Allianz, AXA and SCOR, three of Europe's biggest insurance firms, on Thursday became the latest insurers to quit the Net-Zero Insurance Alliance following accusations from some U.S. Republican Attorneys General that they are violating antitrust laws.

Japan's SOMPO Holdings, a major Asian insurer, was no longer on the list of members on NZIA's website on Friday. It would be the first insurer outside of Europe to quit the alliance. A SOMPO spokesperson did not immediately respond to a request for comment.

The exodus of some of the world's biggest insurers has raised questions about the viability of the NZIA, which was established in 2021. Lloyd's of London CEO John Neal told Reuters this week the alliance needed to make its membership rules less prescriptive or it risked falling apart.

NZIA members held several calls this week on the alliance's options, sources say.

Some Republican politicians have mounted a campaign against financial institutions collaborating to try and rein in carbon emissions, part of a broader push back against businesses using environmental, social and governance-related factors in their decision-making.
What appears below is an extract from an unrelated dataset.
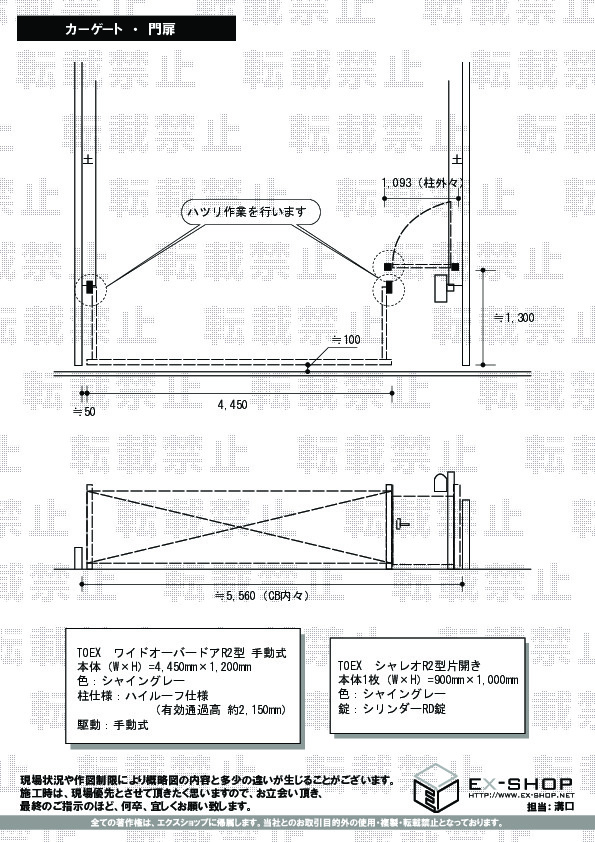 最初はカーポートだけ施工して頂くつもりでおりましたが、初回の打ち合わせ時の説明等が丁寧かつ明瞭でしたので、かねてより考えていたものの決定に至らなかったカーゲート門扉の方も施工して頂くことに致しました。結果としてすべての施工が満足いくものであり今後も機会がありましたらエクスショップさんを利用させて頂きたいと思います。

Vanguard, one of the world's biggest asset managers, in December left another alliance for fund managers, citing a need for independence, although other GFANZ groups have largely withstood the pressure.

According to the NZIA website, it now has 23 members including Aviva, Lloyd's of London and Tokio Marine Holdings.

Legal experts say it would be hard to make a legal case against insurers for breaching antitrust laws, and the NZIA has sought legal advice when setting requirements for members. But insurers are worried about a showdown with Republicans mounting a high-profile campaign.